All you need to know is that when Donald Trump uses this phrase, a contingent of his base hears "Jews." So now you know to be a bit concerned if cousin Wendy starts peppering that into the family newsletter come Christmas.
Operation Google
We've all encountered that one person who feels personally slighted by his (yes, his) inability to publicly use the n-word while black people have carte blanche. 4chan, that shitty friend writ large, pulled a code word scheme straight from the KKK playbook after Google launched a program meant to filter out such obscenities in searches. Cries of "CENSORSHIP!" rang out, and the crafty teenagers quickly formulated a code of replacing filtered racial slurs with tech company names (Jew = Skype) and Fight Club references (trans person = Durden). The spurious logic behind this scheme was that if enough of them started calling black people "Googles" online, the tech behemoth would eventually have to censor their own pages. That never happened, of course. Instead, a couple dumb Tweets like the one below cluttered up Twitter for a minute.
WE WUZ KINGS
The Black Egyptian Hypothesis is a widely disputed theory that the Egyptian pharaohs (and citizens they ruled) were more dark-skinned than how we picture them today. Despite this being a fringe theory, the alt-right has adopted it as another weapon in their arsenal for denigrating black folk.

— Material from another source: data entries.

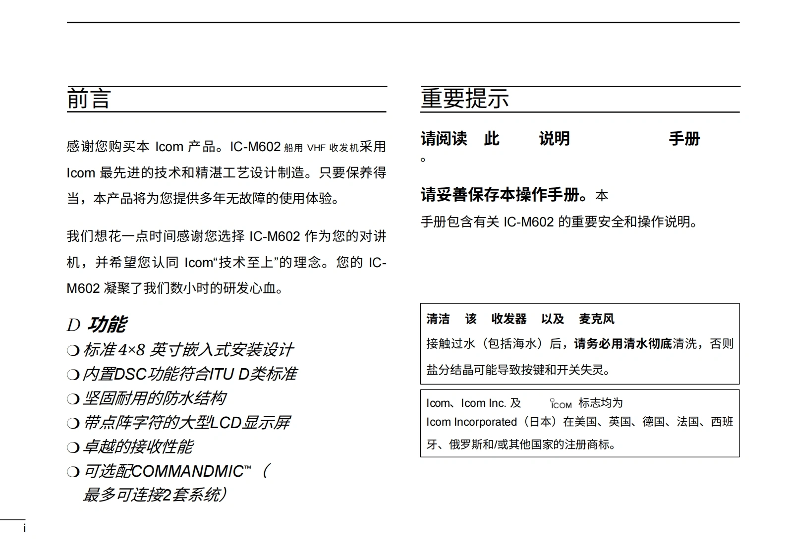 艾可慕IC-M602_Manual操作说明书手册20260331中文版找手册网3天前发布关注私信4.30MB141页036艾可慕IC-M602_Manual操作说明书手册20260331中文版此内容为付费资源,请付费后查看¥19¥21黄金会员免费钻石会员免费登录购买付费资源 第1页 / 共141页 第2页 / 共141页 第3页 / 共141页 第4页 / 共141页 第5页 / 共141页 第6页 / 共141页 第7页 / 共141页 第8页 / 共141页 第9页 / 共141页 第10页 / 共141页 试读已结束,还剩131页,您可下载完整版后进行离线阅读 THE END艾可慕 文本预览 COM使用说明书VHF船用收发机ivM6○2固圈品2516COM回本设备符合FCC规则第15部分的规定。其使用须遵守以下两个条件:(1)本设备不得造成有害干扰;(②)本设备必须接受任何接收到的干扰,包括可能导致意外运行的干扰。Icom Inc. 查看更多 收起部分 喜欢就支持一下吧收藏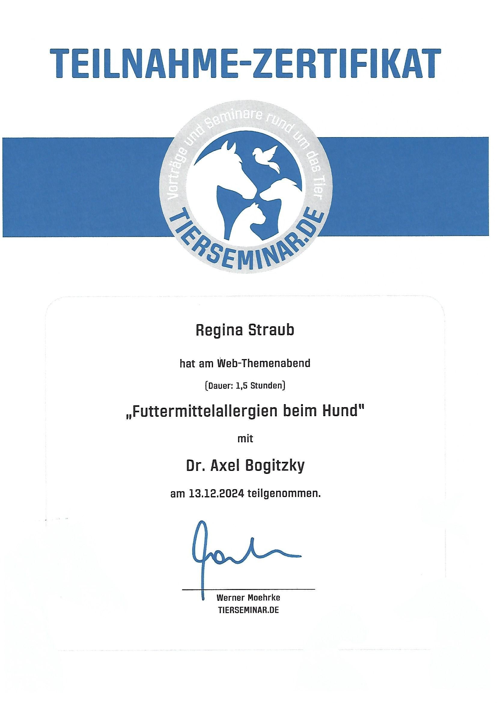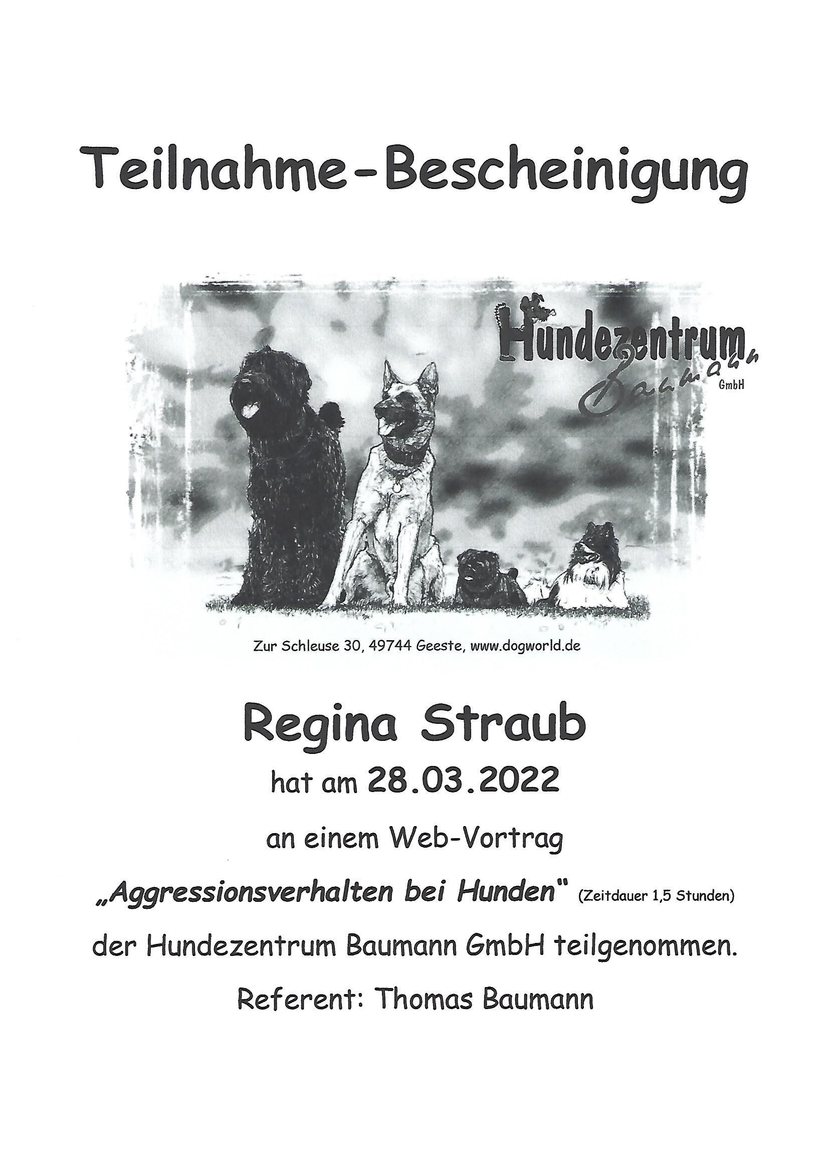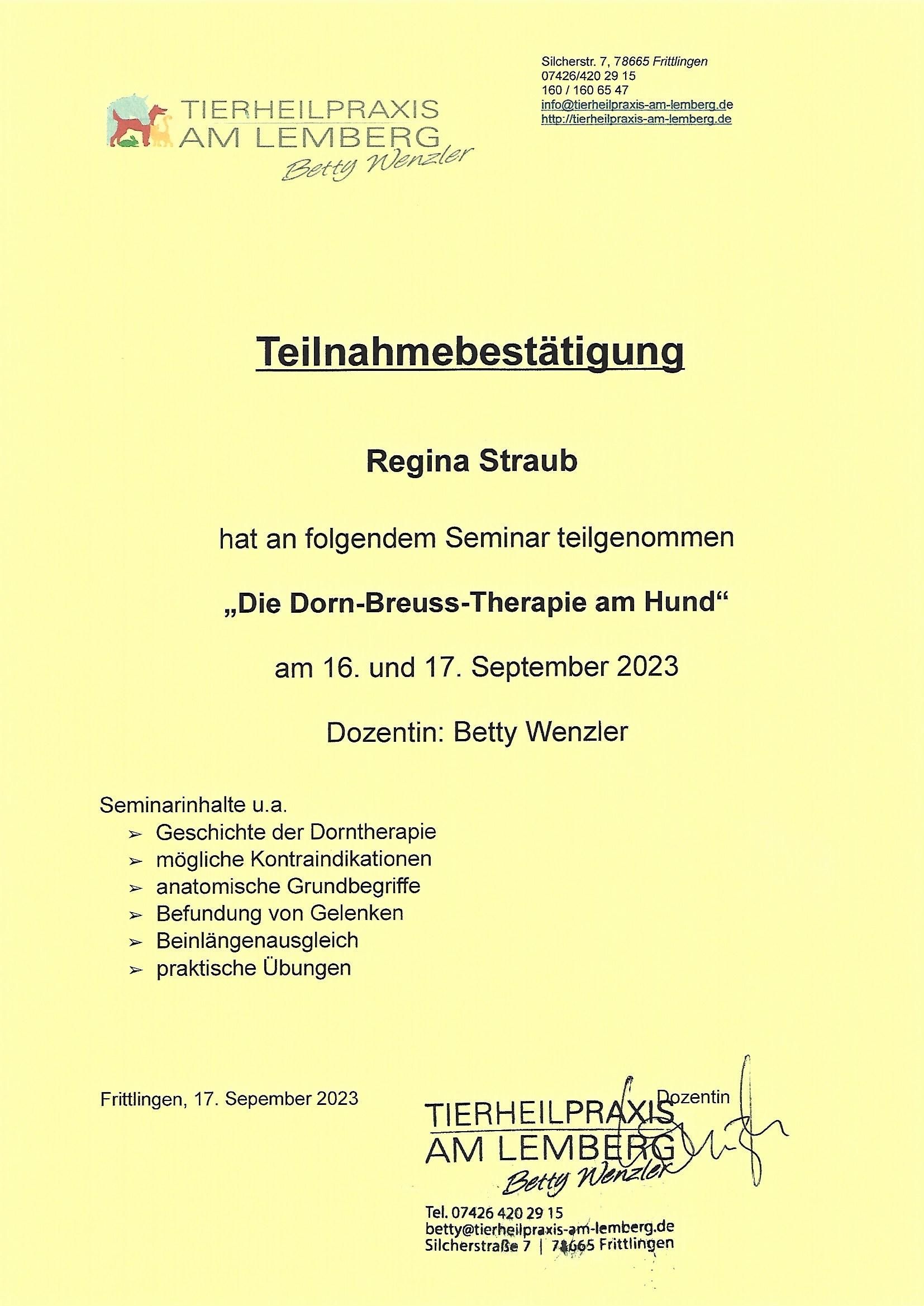 Ich heiße Regina Straub und bin Tierheilpraktikerin. Meine Schwerpunkte sind Hunde, Pferde und Katzen. Aus eigener Erfahrung weiß ich, dass eine gute Beziehung zu unseren Lieblingen Grundvoraussetzung für deren Gesundheit bildet. Aus diesem Grund liegt mein Hauptaugenmerk auf der Entwicklung einer gesunden, positiven Beziehung zwischen Mensch und Hund.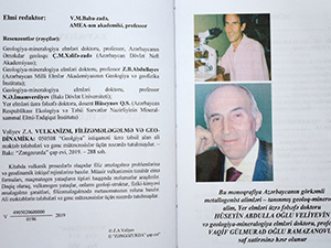 Zəki Vəliyevin ”Vulkanizm, filizəmələgəlmə və geodinamika” monoqrafiyasının elmi redaktoru AMEA-nın akademiki, professor V.M.Babazadədir.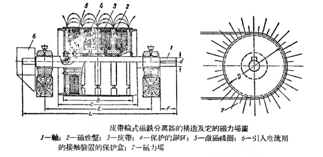 在皮帶輪式分離器內,沿著輪子的轉動其表麵會產生強大的磁場,在較小直徑處的磁場達到750-900奧斯特,較大直徑處磁場達到1200-1400奧ao斯si特te,當dang即ji將jiang進jin行xing球qiu磨mo機ji粉fen碎sui的de物wu料liao內nei金jin屬shu塊kuai落luo到dao這zhe個ge磁ci場chang時shi,就jiu會hui被bei吸xi進jin並bing貼tie在zai筒tong上shang,然ran後hou脫tuo落luo而er被bei皮pi帶dai擲zhi落luo到dao分fen離li器qi下xia方fang的de特te殊shu卸xie鬥dou內nei。其qi具ju體ti結jie構gou如ru圖tu: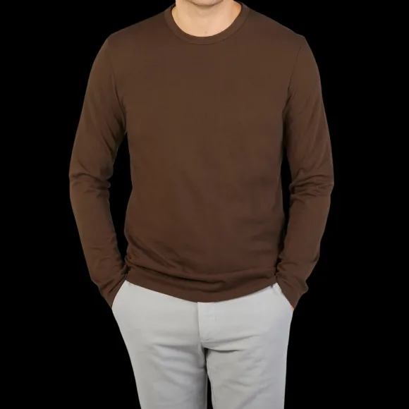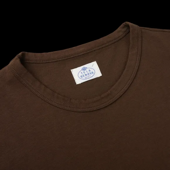 The Italian Brand Tela Genova Is Renowned For Making Heritage Clothing From A Traditional Point Of View. Here Is Their Staple Long-Sleeve T-Shirt In Dark Brown, Crafted Using Organic Cotton That Has Been Washed To Obtain A Vintage Look.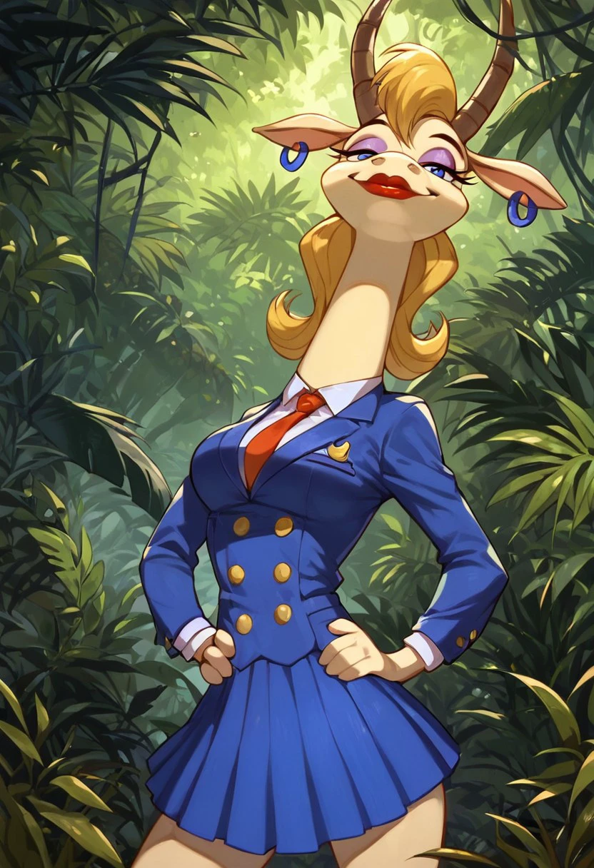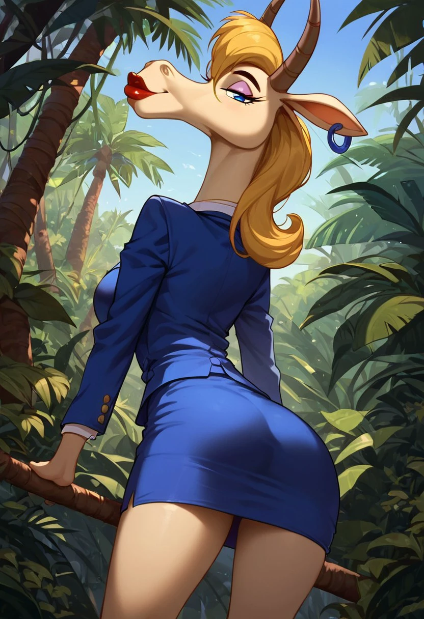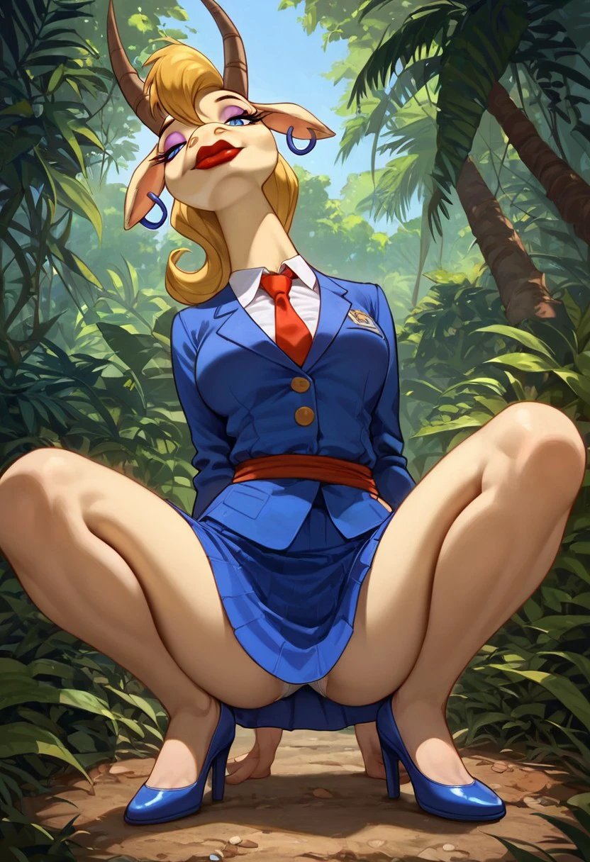 mary_antelope, 1girl, female furry, anthro, female antelope, yellow fur, brown horns, animal ears, blonde hair, eyelashes, blue eyes, makeup, pink eyeshadow, red lips, small blue hoop earings, blue office blazer (yellow buttons), red necktie, white shirt, blue skirt, blue high heels,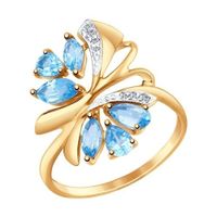 Кольцо из золота с синими топазами и фианитами sokolov арт 064

Typical Kings/Kingz/Kangz memes revolve around low-effort posts wherein the poster mockingly asserts that, were it not for (implied non-existent) white oppression, black people would be royalty.
Dindu (Nuffin)
Look for this phrase primarily in comment sections of stories about slain African Americans. "Dindu nuffin" (often abbreviated as "dindu") is a bastardization of "didn't do nothing," in reference to the claims of innocence that parents, friends, and community members make about the victims of unlawful police shootings.
Even in cases not involving police or criminal acts, black people, simply referred to as "dindus," are still the targets of alt-right memes. The presumption of guilt every time a black person is injured or accused of a crime is the small price these white supremacists are willing to pay for the opportunity to mock grieving mothers.
Free Helicopter Rides
"Death flights" were a common form of extra-judicial execution during the Dirty War in Argentina and following the 1973 Chilean coup wherein dissidents were flown over the ocean in an airplane or helicopter and pushed to their death. From 1976 onward, thousands of political opponents to Argentina's Admiral Luis María Mendía and Chile's Augusto Pinochet were murdered in this manner.
This wanton disregard for human life is hilarious to many in the alt-right. Starting in mid-2015, certain boards began suggesting progressive political opponents be given "helicopter rides."
Die-hard fans of this murder meme can even purchase whimsical "Pinochet's Helicopter Tour" T-shirts (which we won't link to) that will fit even a 3XL-sized Übermensch.